→ **Task to complete**: The reply should hold every entry exactly as written and none of the pictures.

[Opening Data provided section]

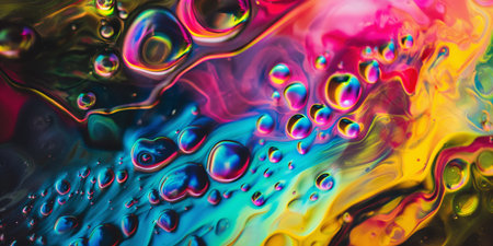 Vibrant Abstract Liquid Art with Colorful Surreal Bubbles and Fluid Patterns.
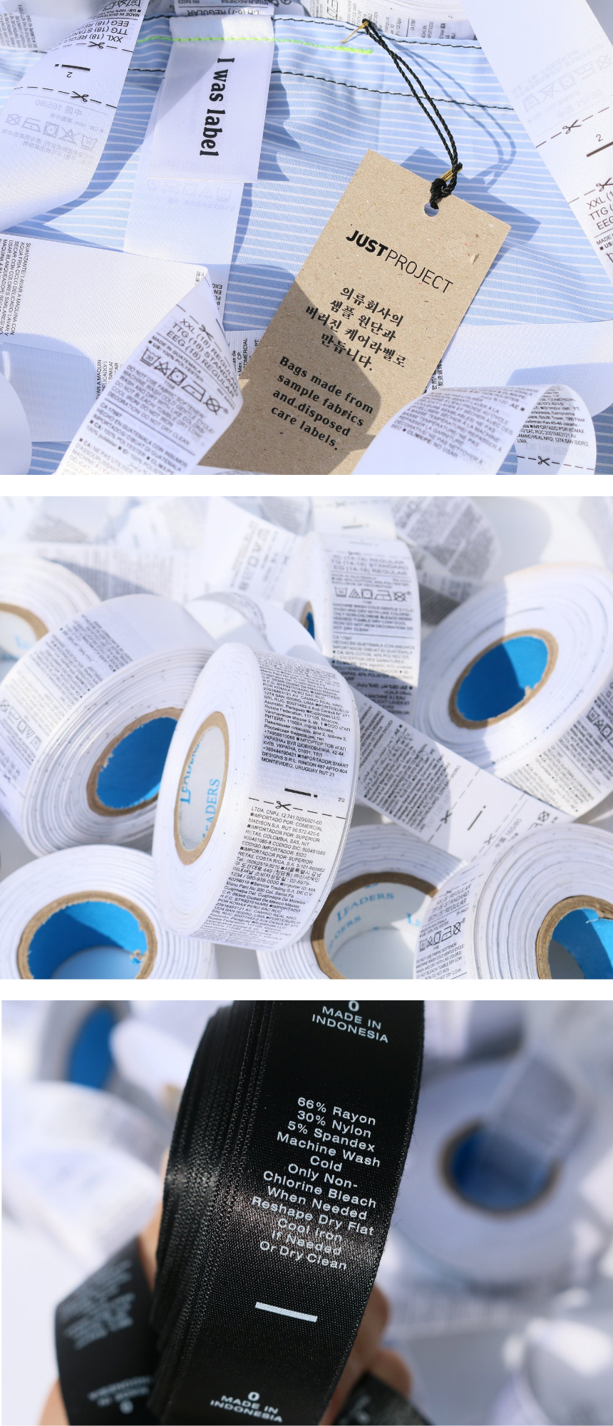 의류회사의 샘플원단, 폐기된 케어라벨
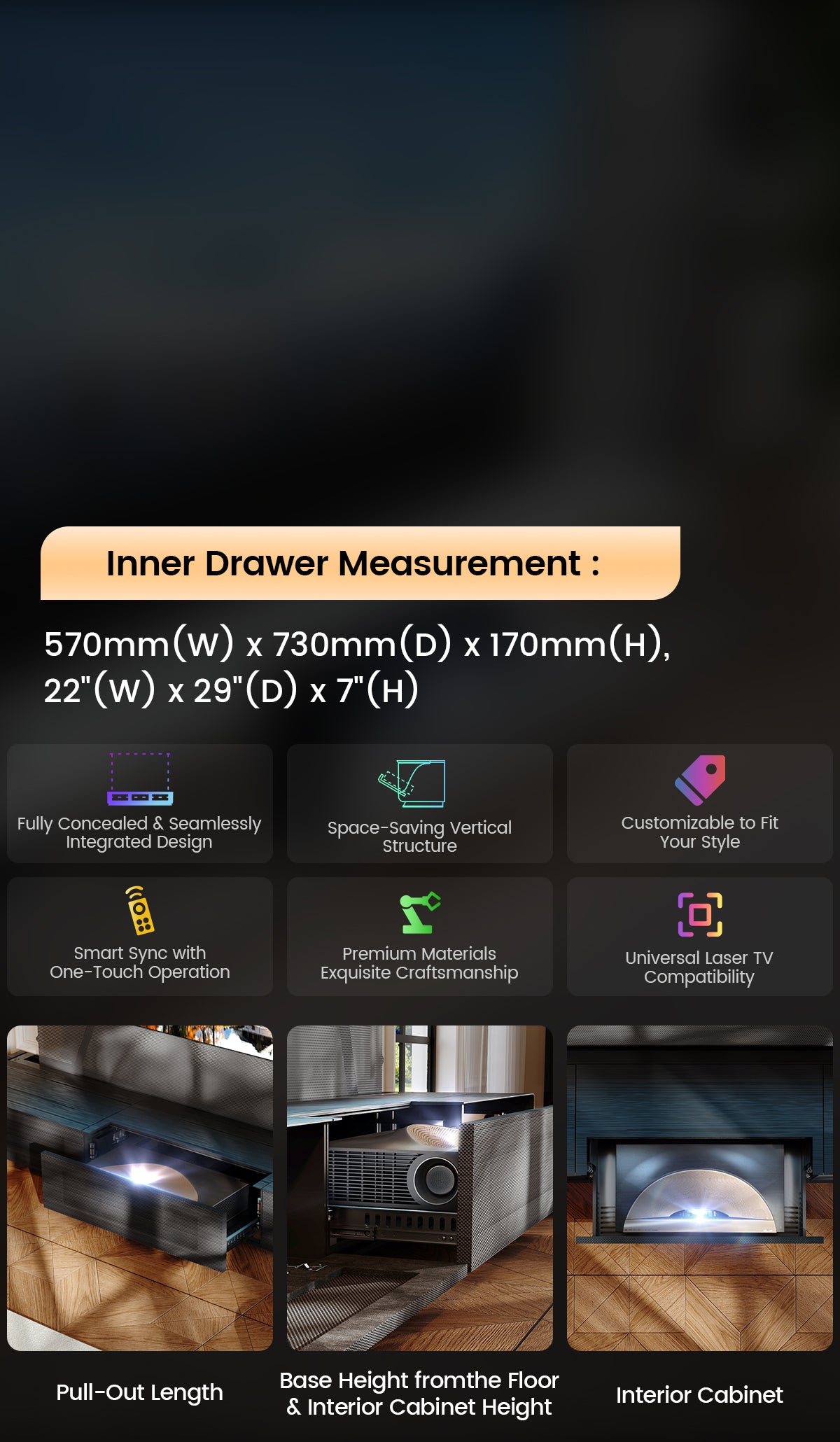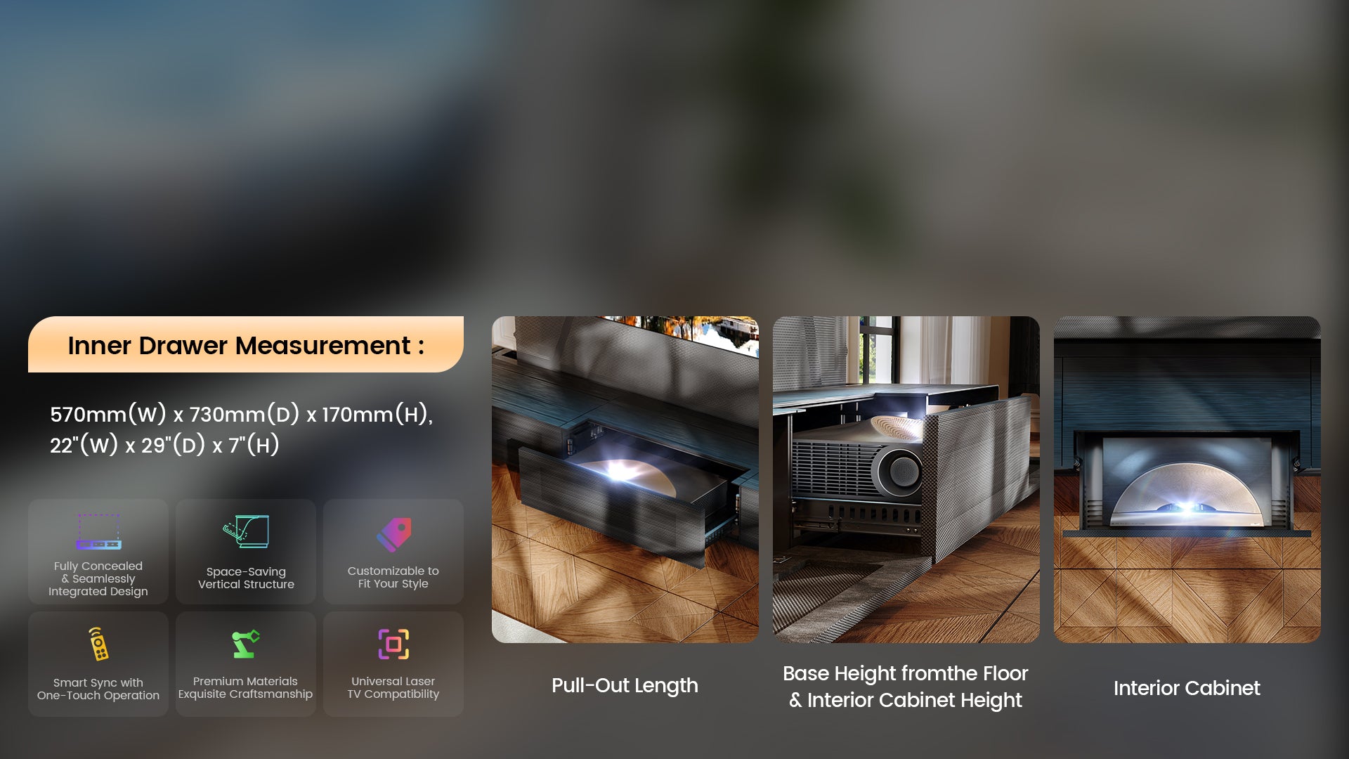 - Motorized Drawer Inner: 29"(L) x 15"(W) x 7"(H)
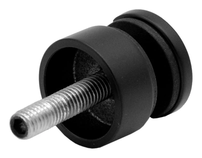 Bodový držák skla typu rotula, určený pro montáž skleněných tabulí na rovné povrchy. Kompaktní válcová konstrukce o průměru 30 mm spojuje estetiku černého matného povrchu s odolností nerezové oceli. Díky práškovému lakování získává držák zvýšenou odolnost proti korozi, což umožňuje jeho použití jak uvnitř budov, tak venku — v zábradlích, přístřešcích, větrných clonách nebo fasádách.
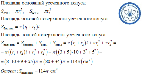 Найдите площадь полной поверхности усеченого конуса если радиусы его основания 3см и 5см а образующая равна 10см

[Closing Data provided section]

→ **Output of the exercise**:
 Vibrant Abstract Liquid Art with Colorful Surreal Bubbles and Fluid Patterns.
 의류회사의 샘플원단, 폐기된 케어라벨
 - Motorized Drawer Inner: 29"(L) x 15"(W) x 7"(H)
 Bodový držák skla typu rotula, určený pro montáž skleněných tabulí na rovné povrchy. Kompaktní válcová konstrukce o průměru 30 mm spojuje estetiku černého matného povrchu s odolností nerezové oceli. Díky práškovému lakování získává držák zvýšenou odolnost proti korozi, což umožňuje jeho použití jak uvnitř budov, tak venku — v zábradlích, přístřešcích, větrných clonách nebo fasádách.
 Найдите площадь полной поверхности усеченого конуса если радиусы его основания 3см и 5см а образующая равна 10см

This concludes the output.